I want to solve the equation for ridge regression:
\begin{align} f(\beta)=&\frac{1}{2}||X \beta-y||_2^2+\lambda_{1} \frac{1}{2}||\beta||^2_2 \\ \end{align}
Where $X\in \mathbb{R}^{n\times n}, \beta\in \mathbb{R}^{d\times1}, y\in \mathbb{R}^{n\times1}$.
Over a line segment
\begin{align} (a+\gamma(s-a)) \end{align}
Where $a\in \mathbb{R}^{d\times1}, s\in \mathbb{R}^{d\times1}$
And I need to solve this for gamma.

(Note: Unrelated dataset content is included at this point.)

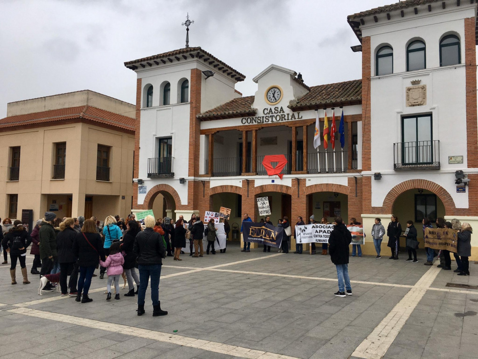 Familias y personas de todas las edades, acompañadas en algunos casos de sus mascotas, protestaron en la mañana de ayer frente las puertas del Ayuntamiento de Pinto con cánticos como ‘Alcalde tú comes, los gatos también’ y pancartas en las que se podía leer ‘Su vida en la calle es muy dura, no merecen sufrir más’. Durante las dos horas de concentración las asociaciones convocantes recabaron un centenar de firmas que se unirán a las que consigan durante la campaña que llevarán a cabo en las próximas semanas.

So I tried solving this as I would a scalar problem by substituting this in for $\beta$ and setting equal to $0$ as such:
\begin{align} \nabla f(\beta)=&X^{\top}(X \beta-y)+\lambda_{1} \beta \\ \nabla f((a+\gamma(s-a)))=&X^{\top}(X(a+\gamma(s-a))-y)+\lambda_{1}(a+\gamma(s-a))\\ =&X^{\top}(X a+\gamma X(s-a)-y)+\ldots\\ =&X^{\top}Xa+\gamma X^{\top} X(s-a)-X^{\top} y+\lambda_1 a+\gamma \lambda_{1}(s-a)\\ =&\gamma\left(X^{\top} X(s-a)+\lambda_{1}(s-a)\right)+X^{\top} X a-X^{\top} y+\lambda_1 a\\ \\ 0=&\gamma\left(X^{\top} X(s-a)+\lambda_{1}(s-a)\right)+X^{\top} X a-X^{\top} y+\lambda_1 a\\ \gamma\left(X^{\top} X(s-a)+\lambda_{1}(s-a)\right)=&X^{\top} y-X^{\top} X a-\lambda_1 a \end{align}
However at this point I have 2 $d\times1$ matrices on each side of the equation and must take the inverse to get the answer. However this results in a 2x2 matrix and I am doubtful that a scalar can solve this. Can someone point out where I went wrong or what approach I should have taken to solve this?
As @Marekkk alluded to in his comment, the solution was to substitute the line segment into the main equation and find the derivative with respect to gamma.